Facility-Local Deployment

A centralized deployment of the DataFlow software will always be available at https://dataflow.ornl.gov. A "facility-local deployment" would provide the same or similar capabilities as the centralized deployment via a physical server placed in close proximity to scientific instruments at a facility.

Note

A single dedicated server could serve multiple instruments and may be sufficient for an entire group, building, or facility, depending on the data needs.

Do you need one?

Briefly, a facility-local deployment may be necessary if at least one of these needs are important to you:

bring data services (such as data upload, metadata capture, data management) and user services (secure authentication per user) to off-network computers / instruments
upload large volumes of data from one or more instruments as fast as possible
pre-process data or metadata before uploading
manage mismatch between data generation rates from instruments and network bandwidth

Please refer to the "Facility-Local Deployment" section in the "About" page for further information

Customizable components

There are several components that can be customized to suit the needs of individual groups and facilities:

Data storage location - By default, data are stored in the Home directory of the user in CADES' NFS storage.
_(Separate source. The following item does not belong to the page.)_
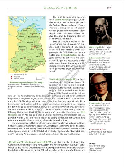 117Mauerfall und „Wende“ in der DDR 1989 Die Stabilisierung des Regimes unter Walter Ulbricht gelang erst, nachdem sich die DDR im Jahre 1961 durch die Berliner Mauer und einen „Todesstreifen“ entlang der innerdeutschen Grenze gegenüber dem Westen abgeriegelt hatte. Die Massenflucht war damit beendet, die Bürger mussten sich in der Diktatur einrichten. Das SED-Regime wollte in den 1960er-Jahren den „Klassenfeind“ Bundesrepublik ökonomisch überholen. Dieses Vorhaben misslang zwar, doch gelangte die DDR-Wirtschaft an die Spitze aller Ostblockstaaten. Das Regime schmückte sich dazu mit sportlichen Erfolgen und betonte die Modernität seiner Frauenförderung und Bildungspolitik. Die DDR-Verfassung von 1968 garantierte sogar ein „Recht auf Arbeit“. Von Ulbricht zu Honecker Zum Bruch zwischen Ulbricht und der Sowjetführung kam es in der Frage der Deutschlandpolitik. Die deutsche Bundesregierung unter dem sozialdemokratischen Kanzler Willy Brandt bemühte sich seit 1970 um eine Normalisierung der Beziehungen zu Moskau und Ost-Berlin. Die UdSSR begrüßte die Entspannungspolitik und bestand wie Ulbricht auf der vollen Anerkennung der DDR. Allerdings wollte sie dessen Pläne, im Alleingang enge wirtschaftliche Beziehungen zur Bundesrepublik zu knüpfen, nicht dulden. Angesichts der Engpässe bei der Versorgung der Bevölkerung sowie der schlechten Wirtschaftslage verlor er auch den internen Rückhalt in der SED. In Absprache mit Moskau zwang die Parteiführung Ulbricht zum Rücktritt. Die treibende Kraft dieses Machtwechsels war Erich Honecker, der im Mai 1971 zum Ersten Sekretär (seit 1976 Generalsekretär) der SED gewählt wurde. Unter der neuen Regierung gelang schließlich der DDR die lang ersehnte internationale Anerkennung als zweiter deutscher Staat. Honecker vereinte bald alle wichtigen Ämter (Vorsitzender des Nationalen Sicherheitsrates, Staatsratsvorsitzender) auf sich. Gestützt auf Erich Mielke (Leiter der Staatssicherheit) und Günter Mittag (Sekretär für Wirtschaftsfragen) sowie den bürokratischen Apparat an der Spitze der SED, behielt er die alleinige Kontrolle über Partei, Staat und Verwaltung. Am umfassenden Machtanspruch der SED änderte sich nichts. „Einheit von Wirtschaftsund Sozialpolitik“ In der Ära Honecker blieb es bei der weltanschaulichen Abgrenzung vom Westen und von der Bundesrepublik. Der Sozialismus sei das bessere Gesellschaftssystem, er sei gerechter und menschlicher als der Kapitalismus. Die Menschen in der DDR nahmen aber weiterhin den Wohlstand und Ostblockstaaten: Unter der Führung der Sowjetunion zählten dazu die DDR, Polen, die Tschechoslowakei, Ungarn, Rumänien, Albanien (bis 1968) und Bulgarien. Erich Honecker (1912 1994): kommunistischer Politiker, baute nach 1946 die Jugendorganisation der SED, die „Freie Deutsche Jugend“, auf. 1961 organisierte er den Bau der Berliner Mauer. Ab 1971 Nachfolger Ulbrichts als SEDChef; 1976 1989 Staatsratsvorsitzender der DDR. Lesetipp Ulrich Mählert, Kleine Geschichte der DDR, München 62009 Walter Ulbricht (1893 1973): 1950 1971 Generalsekretär der SED, 1960 1971 Staatsratsvorsitzender der DDR O s t s e e Rügen Usedom Berlin Potsdam Rostock Schwerin Leipzig Halle Erfurt Dresden Cottbus Magdeburg Suhl Gera Karl-Marx-Stadt (Chemnitz) Neubrandenburg (West) (Ost) Frankfurt/O. GeraSuhl Erfurt Halle Leipzig Potsdam Rostock Schwerin Cottbus Magdeburg Neubrandenburg Frankfurt Dresden Karl-Marx-Stadt Berlin Bezirksgrenzen ab 1952 Hauptstadt Bezirkshauptstadt 0 50 km i Die Verwaltungseinteilung der DDR ab 1952. Nach: Die Fischer Chronik Deutschland ’49 ’99. Ereignisse – Personen – Daten, Frankfurt am Main 1999, Sp. 121 u Geschichte In Clips: Zur Ära Honecker (1971 1989) siehe Code 7316-06 7316_1_1_2015_114-137_Krisen_Revolutionen.indd 117 05.05.15 13:09 Nu r z u Pr üf zw ec ke n Ei ge nt um d es C .C . B uc hn er V er la gs | |

However, data can be moved instead to any storage location that is within ORNL and uses the UCAMS / XCAMS user accounts for authentication and authorization. A Globus Endpoint attached to the storage system is needed, which our team can help with.
Metadata schema - We can create a custom schemas to capture and validate metadata entered by users. Facility managers can specify the names of the fields, whether or not the fields are required or optional, the expected data type (string, number, choice within specified values, etc.), which fields should persist / be pre-populated between two subsequent datasets being created, etc.
In future iterations of DataFlow, users would be able to customize and/or link to the following capabilities:
- Data management
- Data pre-processing / standardization
- Data post processing
- Data publication, etc.

Getting a deployment

Please reach out to Suhas Somnath at somnaths@ornl.gov to request a facility-local deployment of DataFlow on a dedicated server.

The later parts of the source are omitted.